There is a limit on the file size of 30 MB, for most analyses this will not be exceeded.

Textstat 3

program: Textstat 3
author: Matthias Hüning
distributor: Matthias Hüning
documentation: tutorial
download: version 2.9 freeware, version 3 is beta and must be compiled by yourself
operating system: MS-Windows, Mac OS-X, Linux. needs Python
description: TextSTAT is a simple programme for the analysis of texts. It reads ASCII/ANSI texts and HTML files (directly from the internet) and it produces word frequency lists and concordances from these files. The programme is distributed as freeware. Source code in Python is also available for free. The user interface is provided in English, German, Dutch, Potugese, Spanish, Catalan, French, Italian, Galician, Finnish (Suomi), Polish, or Czech.

Wordless 3.5.0

program: Wordless 3.5.0
author: Ye Lei
distributor: Ye Lei
documentation: documentation
docwnload: download section
operating system(s): MS-Windows, Mac OS, Linux
description: Computes frequencies of words, lexical density, dispersion and values of readability formulas.

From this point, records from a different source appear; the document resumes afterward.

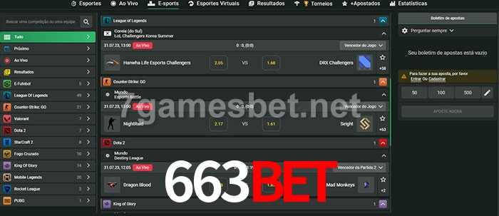 O 663bet oferece uma grande seleção de opções de apostas em e-sports com probabilidades competitivas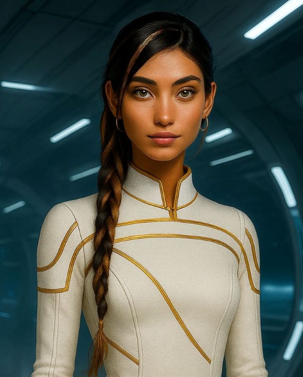 | Physical Description | Not overly tall, Siyrena is designed to look like a Builder/Kryll halfbreed. She is slender and graceful. Her gold-streaked, black hair is kept in a braid down her back and reaches to her butt. |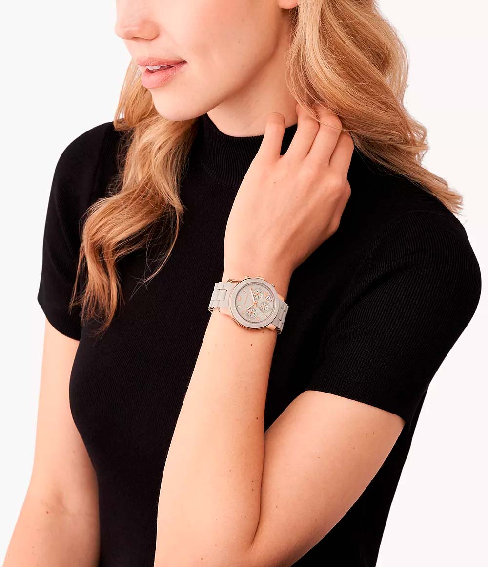 Женские американские часы-хронографХронографФункция позволяет измерять отрезки времени с особой точностью: часы, минуты, секунды. Верным признаком хронографа является наличие на циферблате 3 дополнительных окошек-счётчиков. с секундомеромСекундомерСекундоме́р — прибор, способный измерять интервалы времени с точностью до долей секунды. и с минеральным стекломМинеральное стеклоМинеральное стекло представляет собой искусственно выращенный минерал кварца. Такое стекло отличается особой устойчивостью к повреждениям и царапинам. Уступает по некоторым качествам сапфировому стеклу. Michael Kors Runway MK7386, кварцевый механизм с высокой точностью. Корпус часов изготовлен из нержавеющей стали с PVD-покрытиемPVDУльтратонкое покрытие наносится в технике вакуумного напыления, сочетает в себе нитрид титана особой прочности со слоем золота или оксида хрома. Несёт в себе декоративную или защитную функцию.. Три дополнительных индикатора на циферблате. Метки в виде штрихов и цифр. Стрелки и метки с люминесцентным покрытиемЛюминесцентное покрытиеПозволяет считывать показания времени в темноте. Производители наносят на стрелки, часовые индексы, безель или поверхность циферблата светонакопительный состав, дающий холодное свечение.. Окошко даты находится между 4 и 5 часами. Класс водозащиты: 100 метров, позволит плавать, нырять и заниматься другими водными видами спорта. Стальной браслет из нержавеющей стали с PVD-покрытиемPVDУльтратонкое покрытие наносится в технике вакуумного напыления, сочетает в себе нитрид титана особой прочности со слоем золота или оксида хрома. Несёт в себе декоративную или защитную функцию. и силикона на раскладной застёжкеРаскладная застёжкаТакой тип застёжки используется только на браслетах из металла. Она никогда не раскрывается полностью, происходит разделение на 2 и более частей. Раскладывающая застёжка снизит вероятность потери часов к минимуму..

Wordless is an integrated corpus tool with multilingual support for the study of language, literature, and translation.

Wordsmith 9.0

program: WordSmith 9.0
author: Mike Scott
distributor: Mike Scott, Liverpool University
documentation: manual in English, French, and German
download: download page for different versions shows a sample of the results only
operating system: MS-Windows
description: WordSmith is the sucessor of MicroConcord.

WordWanderer

program: WordSWanderer
author: Marian Dörk and Dawn Knight
distributor: Marian Dörk and Dawn Knight, Newcastle University, UK
docwnload: source code
operating system(s): runs within a browser, seems to be written in Javascript
description: We are experimenting with visual ways in which we can enhance people's engagement with language. By fusing the information we can obtain from corpus searches, concordance outputs and word clouds we are aiming to enable and encourage people to notice and wander through the words they read, write and speak.